Sometimes, a build-up of fluid can cause the eardrum to burst, in which case you’ll notice fluid coming out. It’s normally not serious and actually helps earache disappear as pressure is relieved. The eardrum will usually heal by itself. Other times, children complain of earache when the fluid backs up but doesn’t become infected. They may complain their ears feel “bunged up” and they may have trouble hearing. It can take a few weeks for all the fluid to drain away inside the ear, with hearing returning to normal afterward.

If necessary, your doctor will give antibiotics, although normally ear infections clear up without prescribed medication. Over-the-counter pain relievers are effective against pain, and a warm washcloth held against the ear can bring comfort.

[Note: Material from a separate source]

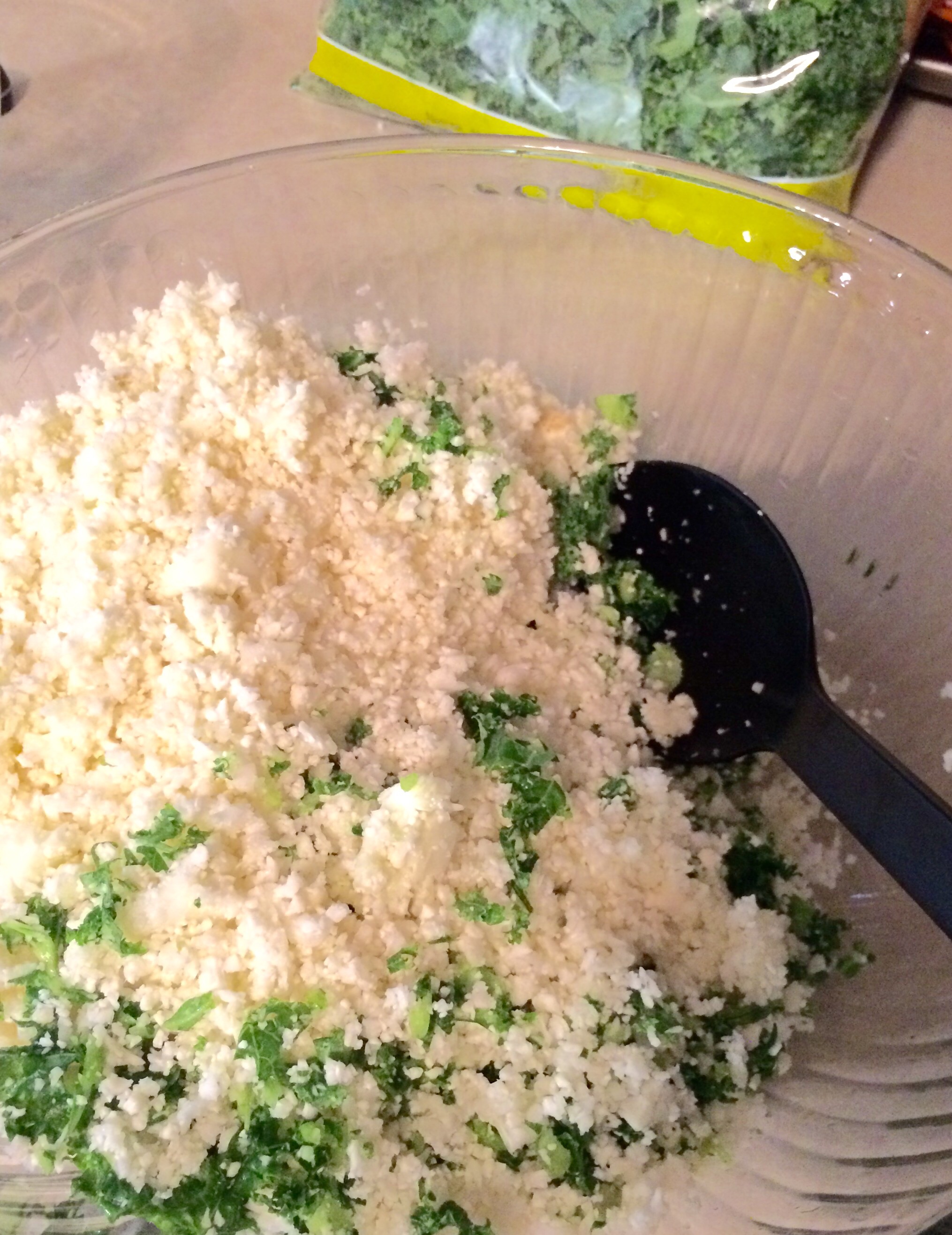 2. Chop Kale by hand or in food processor. Add to cauliflower.

Occasionally, when children suffer repeated ear infections, minor surgery is offered to insert small tubes that help.

Swimmer’s Ear

Swimmer’s Ears are ear emergencies. This affects the outer ear canal and is usually due to water staying in the ears after bathing or swimming, which irritates the delicate skin in that area. Sometimes this causes pain when chewing or opening the mouth because the ear canal swells. Antibiotics are normally needed to fight the infection.

Impacted Ear Wax

Ear emergencies come in different forms. Loss of hearing is probably the first indication of earwax that’s become impacted. It can be caused by over-vigorous ear cleaning that pushes wax further down the canal instead of cleaning it out. Wax impaction can cause pain and dizziness, but can often be treated with over-the-counter remedies. If these don’t help, see your doctor to get the excess wax flushed out.

What are the symptoms of ear injuries?

Not all ear infections or mishaps need urgent care but if you experience any of the following, you should get help:

  • Ear pain (earache), which can be severe
  • Dizziness and balance problems
  • Headache
  • Hearing loss
  • Pus or bleeding from the ear
  • Tinnitus (buzzing or ringing in the ear).

What causes ear injuries?

There are several causes of ear injury and trauma, including:

  • Accidents and injuries: Trauma from a fall, car accident or contact sports can cause serious ear injuries
  • Changes in pressure: Scuba diving and flying on an airplane can lead to a perforated (ruptured) eardrum
  • Foreign objects: Inserting a pen or another object into your ear canal can damage the bones, cartilage and tissue
  • Loud noises: Eardrums can also tear due to loud noises, such as gunshots, explosions and loud music concerts. Long-term exposure to loud noise can cause permanent hearing loss

Ear injuries can range from minor to life-threatening. If you or your child has severe ear pain, bleeding ears, dizziness, or hearing loss, go to the closest emergency room for medical help. These are signs of a serious medical condition, especially after a blow to the head, fall or other accident.

To prevent an ear injury, never put anything in your ears. Wear protective headgear during contact sports. Avoid listening to music at high volumes, and wear ear protection if you’re exposed to loud noises.